- [REQUIRED ACTION]: Below are entries; output exactly the lines from the one with "Qu’est-ce que la" to the one with "7月15日拍攝的河北唐山港京唐港區。新華社發(李磊 攝)", both included, and nothing else.

- [DATA EXTRACT]:
=====
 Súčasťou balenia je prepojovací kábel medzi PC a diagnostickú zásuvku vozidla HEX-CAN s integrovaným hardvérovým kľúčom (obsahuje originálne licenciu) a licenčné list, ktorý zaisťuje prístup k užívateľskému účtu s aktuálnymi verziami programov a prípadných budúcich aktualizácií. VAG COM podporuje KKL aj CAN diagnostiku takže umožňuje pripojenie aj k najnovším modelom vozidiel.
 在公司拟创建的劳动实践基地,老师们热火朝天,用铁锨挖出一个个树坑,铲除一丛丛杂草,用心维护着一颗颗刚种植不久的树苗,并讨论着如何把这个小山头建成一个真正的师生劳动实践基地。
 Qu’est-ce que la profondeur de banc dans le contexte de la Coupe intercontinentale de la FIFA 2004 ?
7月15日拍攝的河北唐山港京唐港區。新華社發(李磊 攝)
=====
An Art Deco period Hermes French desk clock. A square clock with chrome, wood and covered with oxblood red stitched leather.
=====
- [YOUR RESPONSE]:
 Qu’est-ce que la profondeur de banc dans le contexte de la Coupe intercontinentale de la FIFA 2004 ?
7月15日拍攝的河北唐山港京唐港區。新華社發(李磊 攝)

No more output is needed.